■ **Supplied records**
====

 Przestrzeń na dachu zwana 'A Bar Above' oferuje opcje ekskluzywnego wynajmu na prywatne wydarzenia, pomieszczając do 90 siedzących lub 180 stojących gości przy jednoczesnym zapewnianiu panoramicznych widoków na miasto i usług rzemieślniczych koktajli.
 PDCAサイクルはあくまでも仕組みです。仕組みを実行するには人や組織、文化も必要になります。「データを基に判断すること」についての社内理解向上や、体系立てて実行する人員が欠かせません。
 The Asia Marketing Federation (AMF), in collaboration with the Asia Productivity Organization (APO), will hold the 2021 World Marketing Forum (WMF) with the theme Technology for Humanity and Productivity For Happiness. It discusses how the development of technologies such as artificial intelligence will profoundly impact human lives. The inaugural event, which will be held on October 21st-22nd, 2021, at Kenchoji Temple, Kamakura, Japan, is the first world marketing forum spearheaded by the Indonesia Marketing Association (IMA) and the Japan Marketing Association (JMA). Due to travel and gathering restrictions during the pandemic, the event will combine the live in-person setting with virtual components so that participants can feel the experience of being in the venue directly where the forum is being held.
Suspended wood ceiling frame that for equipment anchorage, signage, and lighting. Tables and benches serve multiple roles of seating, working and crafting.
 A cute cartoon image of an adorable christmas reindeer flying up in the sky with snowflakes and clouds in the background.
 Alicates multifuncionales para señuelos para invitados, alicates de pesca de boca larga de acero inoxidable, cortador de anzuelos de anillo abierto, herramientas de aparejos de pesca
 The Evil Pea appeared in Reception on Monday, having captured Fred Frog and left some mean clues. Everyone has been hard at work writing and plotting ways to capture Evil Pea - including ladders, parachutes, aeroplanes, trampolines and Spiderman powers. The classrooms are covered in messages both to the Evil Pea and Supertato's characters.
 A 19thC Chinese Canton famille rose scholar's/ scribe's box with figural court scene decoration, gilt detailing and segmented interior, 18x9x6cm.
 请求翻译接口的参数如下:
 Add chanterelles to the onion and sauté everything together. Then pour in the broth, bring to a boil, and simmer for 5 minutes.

====

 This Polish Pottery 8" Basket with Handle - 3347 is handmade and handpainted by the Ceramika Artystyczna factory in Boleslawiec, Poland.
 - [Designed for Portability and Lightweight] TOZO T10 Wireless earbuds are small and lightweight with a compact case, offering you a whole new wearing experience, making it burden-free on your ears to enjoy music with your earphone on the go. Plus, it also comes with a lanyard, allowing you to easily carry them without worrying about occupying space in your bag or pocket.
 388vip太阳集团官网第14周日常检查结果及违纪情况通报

====

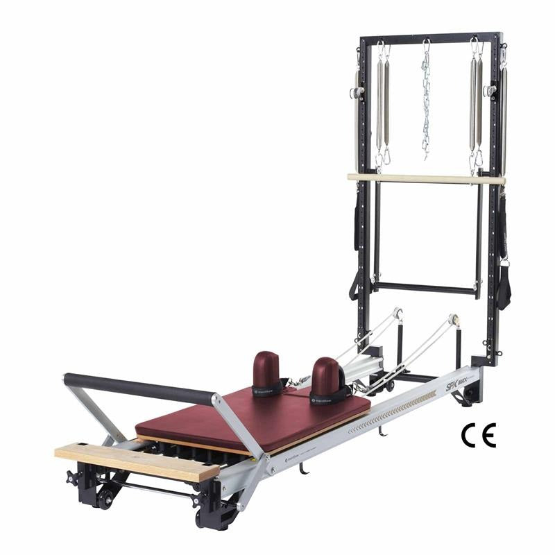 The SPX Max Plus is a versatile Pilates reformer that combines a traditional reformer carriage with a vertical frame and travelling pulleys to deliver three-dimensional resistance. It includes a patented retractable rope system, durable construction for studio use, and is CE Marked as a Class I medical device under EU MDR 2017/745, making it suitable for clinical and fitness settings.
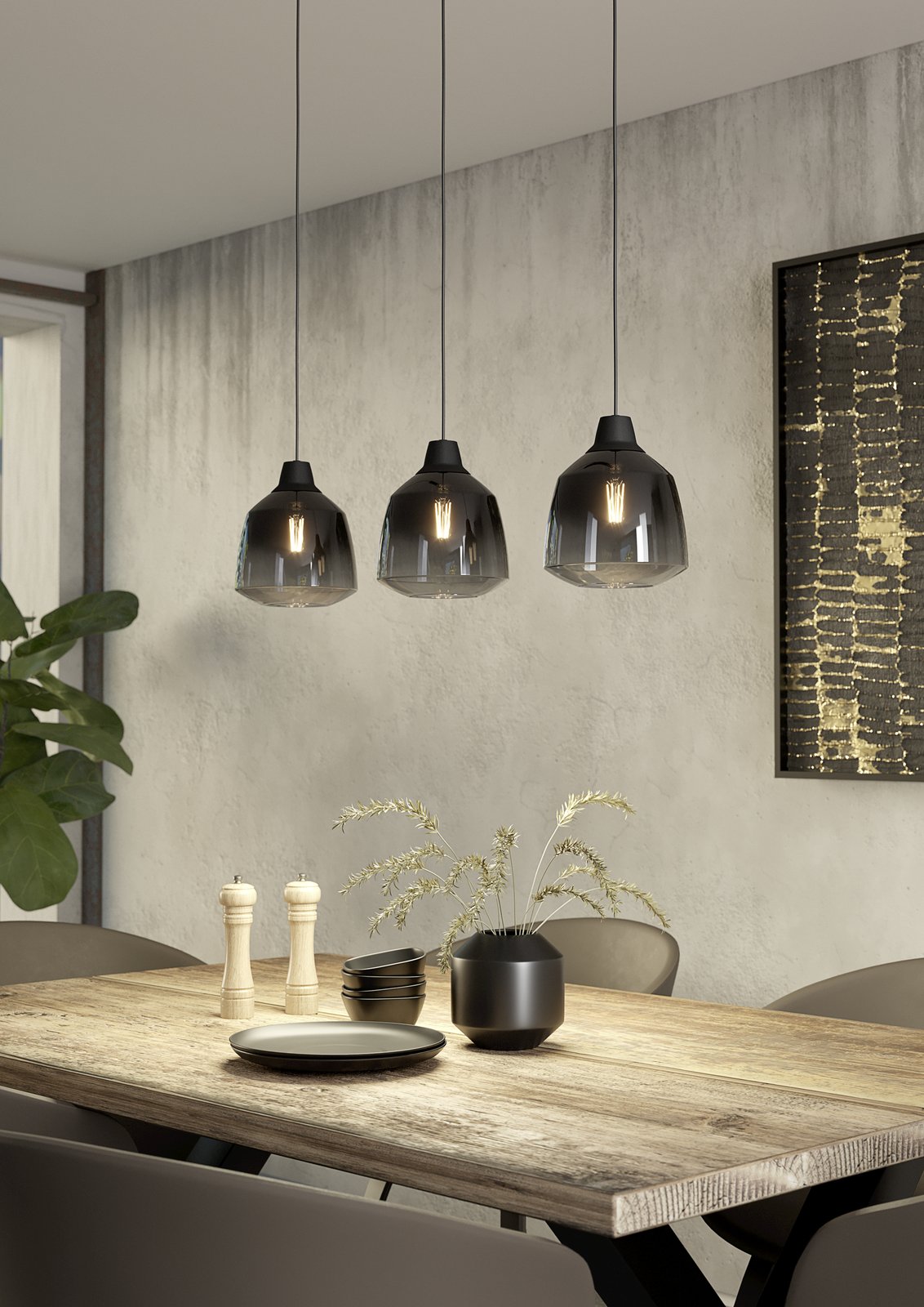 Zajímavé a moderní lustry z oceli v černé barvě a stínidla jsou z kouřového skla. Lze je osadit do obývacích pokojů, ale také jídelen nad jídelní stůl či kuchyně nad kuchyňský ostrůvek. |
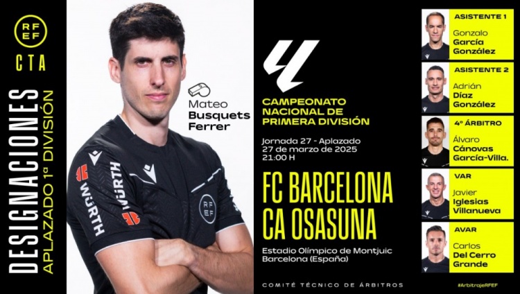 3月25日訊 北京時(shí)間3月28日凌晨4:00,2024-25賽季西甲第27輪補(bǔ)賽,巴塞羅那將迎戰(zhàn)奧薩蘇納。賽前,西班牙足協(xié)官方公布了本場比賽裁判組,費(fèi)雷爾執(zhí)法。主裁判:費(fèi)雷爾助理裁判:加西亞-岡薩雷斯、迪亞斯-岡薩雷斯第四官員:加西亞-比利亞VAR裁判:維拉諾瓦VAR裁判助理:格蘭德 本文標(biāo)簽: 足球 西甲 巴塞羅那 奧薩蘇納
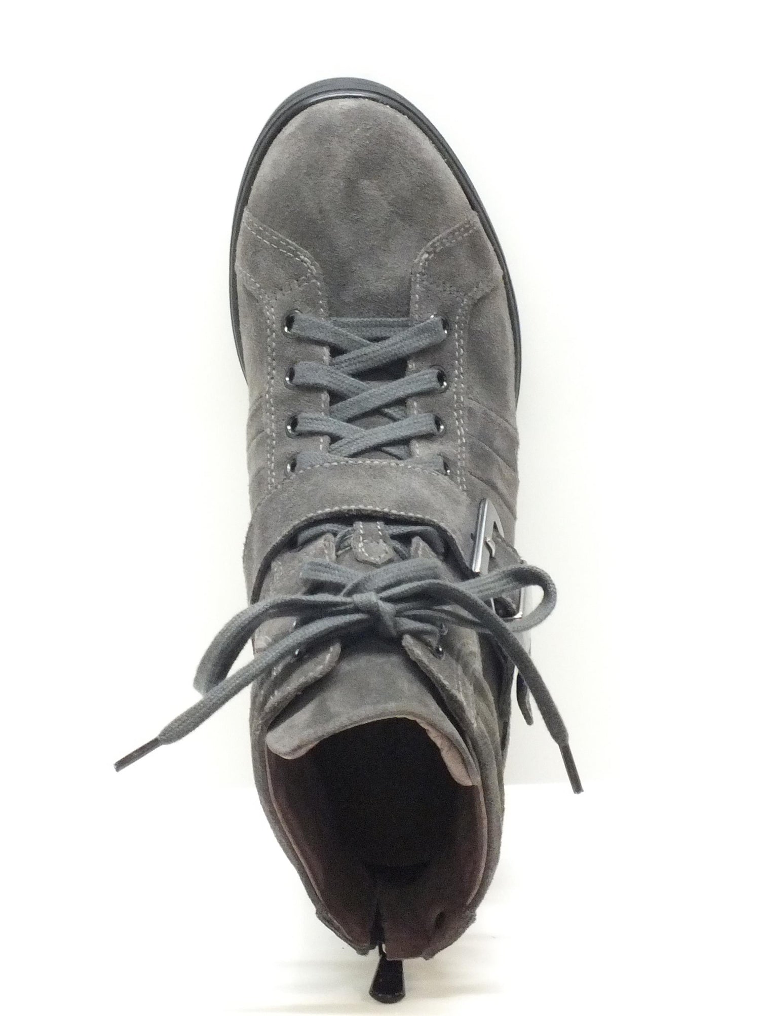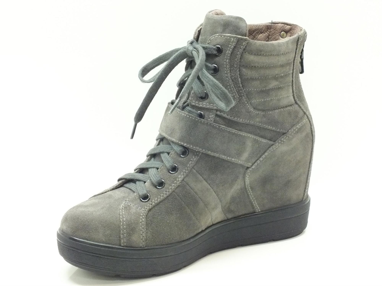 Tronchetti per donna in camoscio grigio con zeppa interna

====

Could the stretch from the line with "西甲 巴塞羅那 奧薩蘇納" through the line with "Tronchetti per donna" in the listing above be restated word for word, minus the pictures?

 3月25日訊 北京時(shí)間3月28日凌晨4:00,2024-25賽季西甲第27輪補(bǔ)賽,巴塞羅那將迎戰(zhàn)奧薩蘇納。賽前,西班牙足協(xié)官方公布了本場比賽裁判組,費(fèi)雷爾執(zhí)法。主裁判:費(fèi)雷爾助理裁判:加西亞-岡薩雷斯、迪亞斯-岡薩雷斯第四官員:加西亞-比利亞VAR裁判:維拉諾瓦VAR裁判助理:格蘭德 本文標(biāo)簽: 足球 西甲 巴塞羅那 奧薩蘇納
 Tronchetti per donna in camoscio grigio con zeppa interna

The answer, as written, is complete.